Though only part of the trusteeship work on Widows' unit trust, life and pensions funds is carried out in Edinburgh (the rest is done in London where State Street employs 800 people) the Edinburgh office is trustee for £55bn of funds, most of it placed by other Scottish clients. Of the £55bn, Scottish Widows accounts for £17bn, transferred from WM Company, an Edinburgh-based performance measurement and fund administration company, now part of Deutsche Bank.

Bank of Scotland's exit from trusteeship was followed in 1999 by the decision of its rival Royal Bank of Scotland to sell its custody and investor services business to Bank of New York (BoNY) for more than £500m.

Bank of New York's global custody operation is in Brussels and other functions are in London, but BoNY's David Fortune says: "It is a little known fact that we employ 192 people in Edinburgh. We have space for 80 more and are gently moving jobs (not people) from London to Edinburgh. That's an indication of the stability and quality of the personnel available here."

According to Benji Fraser, deputy head of European sales, BoNY has a relationship with 75 per cent of the companies on the Scottish fund management scene.

The Edinburgh office services Scottish global custody clients and does fund administration for Scottish institutions. It does not release figures on its business.

Royal Bank of Scotland did not leave the sector altogether: it retained its Trustee and Depositary Services, based in Edinburgh, which supports 64 clients from the UK and Europe and acts for funds with a value of £60bn. It employs 207 people.

Although most of the Scottish back office sector is based in Edinburgh there is one big company in Glasgow, Clydesdale Bank, part of National Australia Bank.

Richard Dudek, head of sales and marketing, says it is the only company that actually has its custody operation in Scotland, looking after £56bn worth of assets, as well as doing trustee and depositary work.

For a long time the US investment house Fidelity was its biggest client with £17bn of its UK assets in its custody, but recently the Boston-based institution centralised all its custody work elsewhere.

Clydesdale then gained £32bn of UK assets as sub-custodian from Mellon Financial, the US financial services company. It employs 184 people in the centre of Glasgow.

Back in Edinburgh the US financial services group JP Morgan Chase is building on the businesses that came with its recent purchases of Chase Manhattan and Robert Fleming. It maintains its George Street office for marketing its custody and fund administration services, while Hexagon administration services provides third party fund administration services for the UK unit trust industry. It is soon to move its 150 people to Edinburgh Park, a prestige business location.

Neighbours will include HSBC Global Fund Services, which was created by HSBC to provide investment administration and performance measurement consultancy for investment funds and started operating in late 1999. It is headed by Stewart Crawford, formerly managing director of WM Company, who brought several colleagues with him.

HSBC invested about £20m in GFS before going looking for business. An important success was winning the administration contract for Gartmore's unit trusts when the fund manager decided to outsource.

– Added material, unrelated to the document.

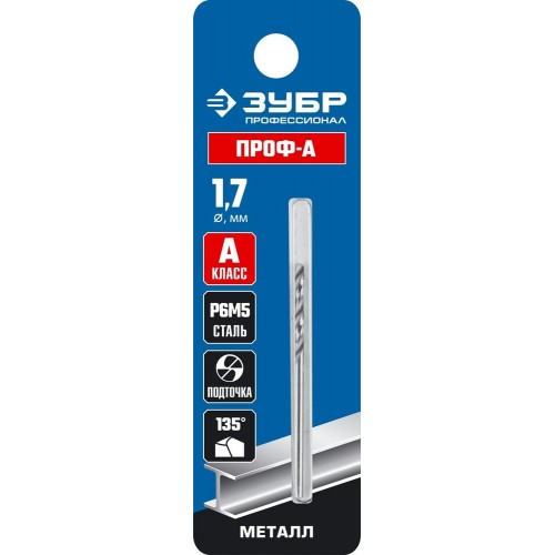 ЗУБР Ø 1.7 x 43 мм, сталь Р6М5, класс А1, сверло по металлу 29625-1.7 Профессионал

Its 150 people administer assets of about £40bn, winning the performance management contract for HSBC's pension fund - against stiff competition from outside the group, Mr Crawford insists.

In Glasgow Clydesdale is soon to be joined by Cogent Investment Operations, part of the Australian AMP Group. It will administer funds run by Aberdeen Asset Management which last year bought the Glasgow-based Murray Johnstone.

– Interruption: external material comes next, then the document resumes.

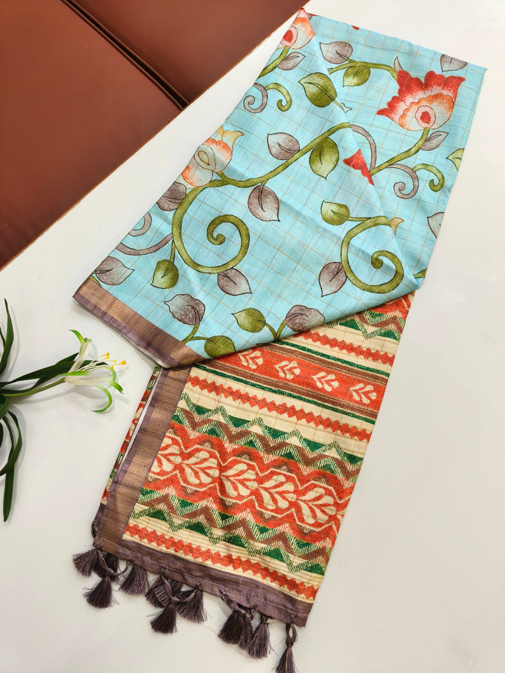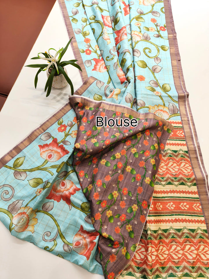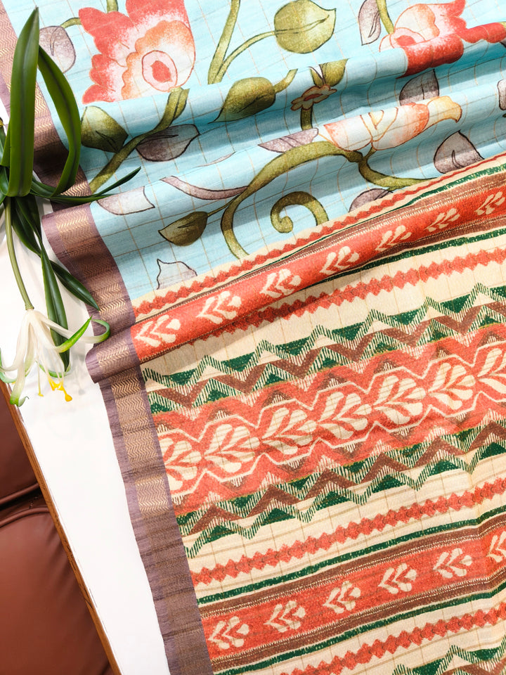 Soft Tussar Checks Silk Saree 101 - FIROZI

Scottish Financial Enterprise, the industry trade body, reckons that 3,000 people are employed in fund administration in Scotland, if those working for companies that do their processing in-house are included.

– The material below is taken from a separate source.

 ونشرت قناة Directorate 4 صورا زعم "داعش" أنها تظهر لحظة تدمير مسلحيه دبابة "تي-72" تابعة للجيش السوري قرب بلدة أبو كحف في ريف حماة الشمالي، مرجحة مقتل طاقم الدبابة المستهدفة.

With the industry growing rapidly and the danger of staff shortages increasing, 16 companies recently came together to form Scottish Investment Operations.

It aims to ensure a regular supply of high quality recruits by promoting fund administration to schools, colleges and universities and will enhance the provision of training.

The industry hopes to reap the benefits in two years time when the recruits reach the labour market.